Reproduce exactly, leaving out pictures, each line from the one holding "The platoon blew" through the final line of the listing, and add nothing.

- _THE DATA_

#####

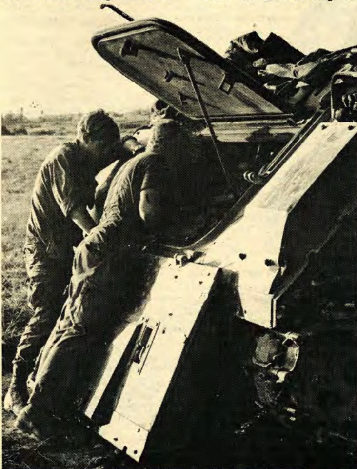
Two members of 3rd Platoon, Bravo Troop, 1st Squadron, 1st Cavalry attempt to trace the trouble of their APC while in a defensive position 10 miles northwest of Tam Ky.

The platoon blew the artillery round in place and continued moving toward their destination with Sgt McConnaughey, still walking point, a bit unnerved perhaps but still walking steady, according to the other platoon members.
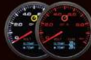
333OP4B (BAR. °C / PSI. °C) ANALOG : ELECTRICAL OIL PRESSURE DIGITAL : VOLT / OIL TEMP / WATER TEMP W / SENSOR
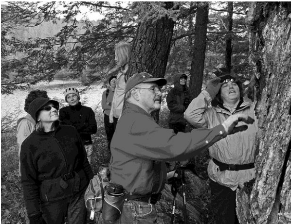
Rest Stop and Tree Study

#####

- _TASK RESPONSE_
The platoon blew the artillery round in place and continued moving toward their destination with Sgt McConnaughey, still walking point, a bit unnerved perhaps but still walking steady, according to the other platoon members.
333OP4B (BAR. °C / PSI. °C) ANALOG : ELECTRICAL OIL PRESSURE DIGITAL : VOLT / OIL TEMP / WATER TEMP W / SENSOR
Rest Stop and Tree Study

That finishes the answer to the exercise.